New Research Reveals Greenland Glaciers To Melt Much Faster Than What Anticipated So Far
New research discovered that Greenland is melting faster than scientists thought earlier. There is a four-fold increase in the pace of ice loss since 2003.
In Greenland, enormous glaciers are depositing larger chunks of ice than ever into the Atlantic Ocean. It’s melting there and causing the rise of sea levels. According to scientists, the largest ice loss occurred in this decade is in the southwest region of the island which is mostly glacier-free.
As global temperatures are rising, the surface ice is melting. Because of this, gushing rivers of meltwater is flowing into the ocean and causing sea levels to rise. As per the research, South-west Greenland “become a major future contributor to sea level rise” not taken into consideration as a source of woe for coastal cities previously.

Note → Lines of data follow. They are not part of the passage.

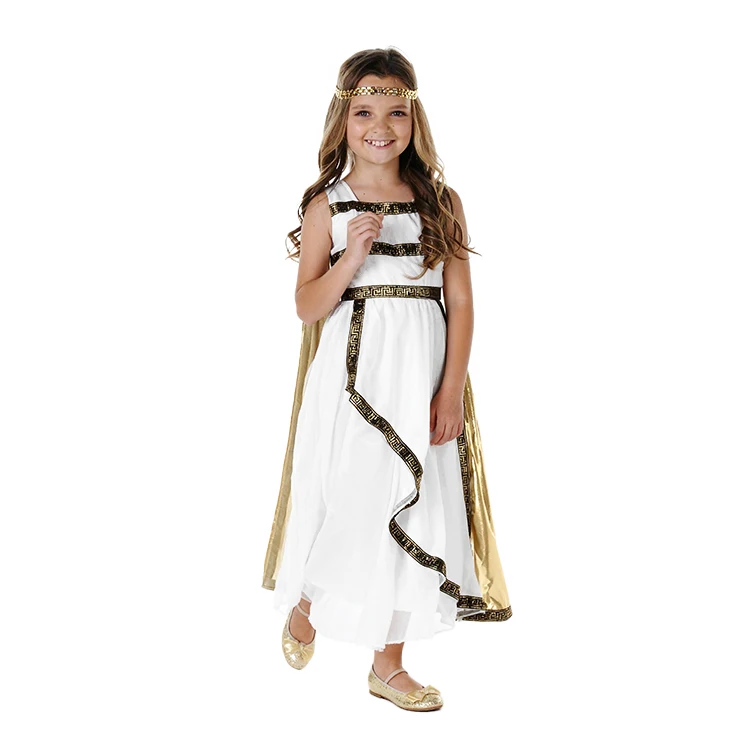 Kids Greek Goddess Costume Set with Gold Trim & Classic Design for Stage Performance Mythology Role Play Comfortable Breathable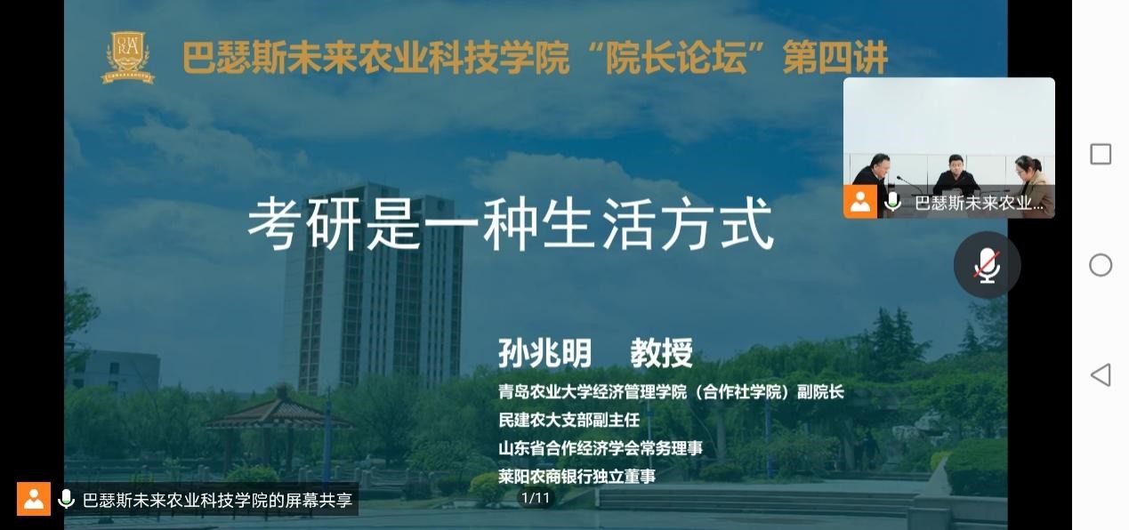11月10日,bw西汉姆联于教学楼G205举办“经理论坛”第四讲——“考研是一种生活方式”。本次讲座邀请bw西汉姆联经济管理公司(合作社公司)副经理、民建农大支部副主任、山东省合作经济学会常务理事、莱阳农商银行独立董事孙兆明教授主讲,bw西汉姆联经理郑丹教授主持,公司副经理陈海华教授出席,公司2020级物流管理专业全体员工参加。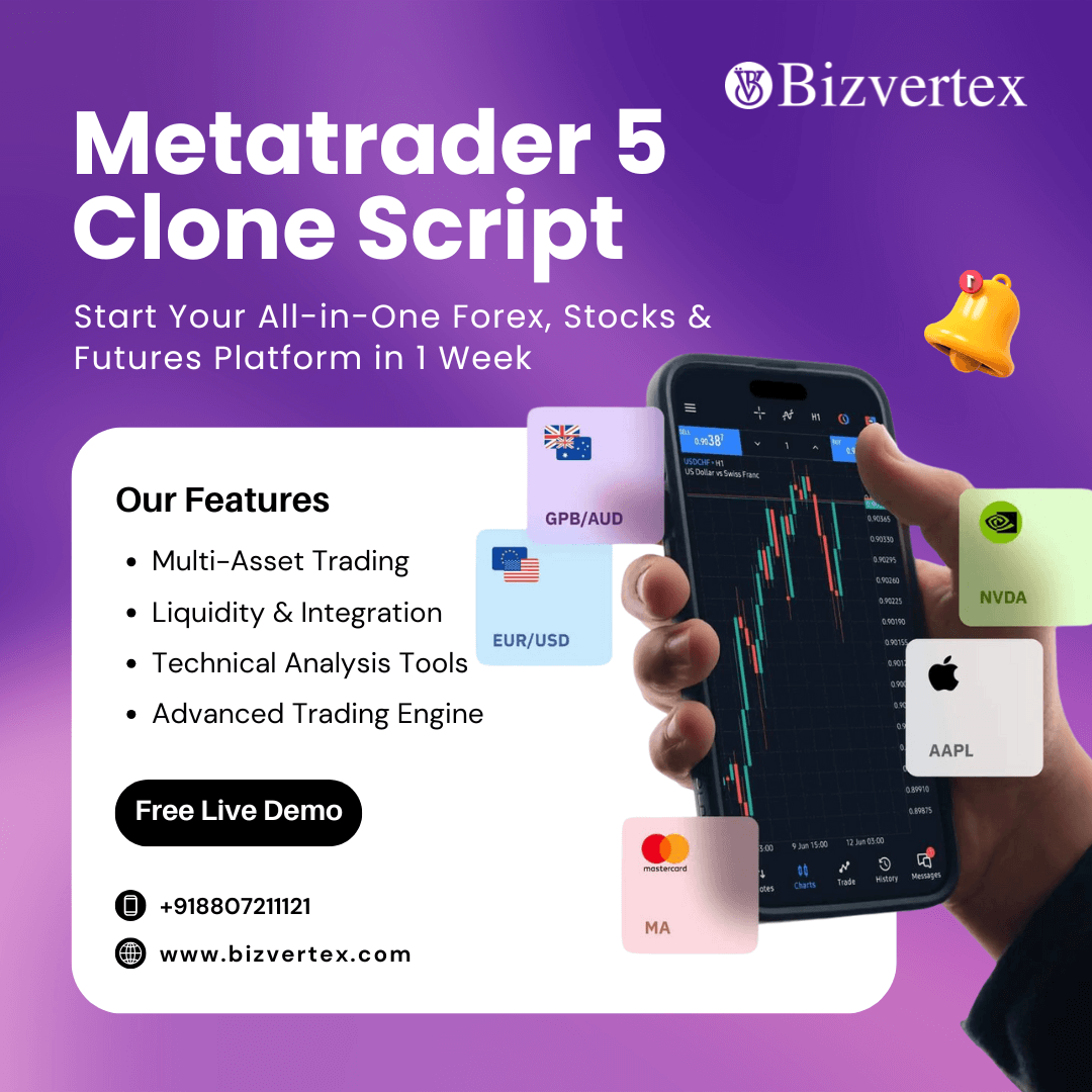 Kickstart your own Forex, Stocks, and Futures platform with our ready-made MT5 Clone Script – fully customizable, secure, and feature-packed to empower global traders.We at Bizvertex offer a premium...

Michael Bevis, lead author of the paper and a professor of geodynamics, Ohio State University said, “We knew we had one big problem with increasing rates of ice discharge by some large outlet glaciers.” He added, “But now we recognize a second serious problem: increasingly, large amounts of ice mass are going to leave as meltwater, as rivers that flow into the sea.”
“The only thing we can do is adapt and mitigate further global warming– it’s too late for there to be no effect,” Bevis said.
This is going to cause additional sea level rise. We are watching the ice sheet hit a tipping point.
“We’re going to see faster and faster sea level rise for the foreseeable future. Once you hit that tipping point, the only question is: How severe does it get?”
A study used data from NASA’s gravity recovery and climate experiment (Grace) and Greenland’s scattered GPS stations to analyze changes in ice mass and published in Proceedings of the National Academy of Sciences.
This study showed that between 2002 and 2016, Greenland lost around 280bn tons of ice every year that is enough to raise the sea level annually by 0.03 inches worldwide. If vast ice sheet (3km thick in places) of entire Greenland’s were to melt, there would be seven meters or more than 20ft rise of global sea levels, drowning most of the coastal settlements.
Researchers said rising global temperatures drove the melting of ice which is four times faster in 2013 compared to 2003 and was due to human-induced climate change and the North Atlantic Oscillation, a periodic weather phenomenon which brings warmer air to western Greenland.
Till date, Greenland’s huge glaciers in the south-east and north-west long considered as a key factor in raising global sea level. Recently, Ohio State-led research suggests another unexpectedly large meltwater source, and that is the island’s southwest ice fields.
The Scientists are now emphasizing on the understanding of the reaction of two massive ice masses on the planet, in Greenland and Antarctica, to a warming atmosphere and ocean.
The tripled ice loss in the Arctic since the 1980s, melting in places like Greenland and Alaska is becoming the greatest instigator of sea level rise while destabilizing the location of four million people.
The ice is vanishing at its fastest rate in recorded history in Antarctica, and it is becoming a serious concern. The largest expanse of ice in the world is losing around 219bn tonnes of ice per year now, a trajectory contributing to more than 25cm rise in total global sea level rise by 2070. Sea levels would balloon around 3.5m if the entire ice sheet of West Antarctic collapses, but over a longer timeframe.
A geologist and glacier expert at Pennsylvania State University, Richard Alley said: “We are warming the planet, this is melting ice, and that is raising sea level.” Alley also warned on the uncertainties over future sea level rise saying “if the big ice sheets change more rapidly than expected, they could drive faster or much faster rise than expected.”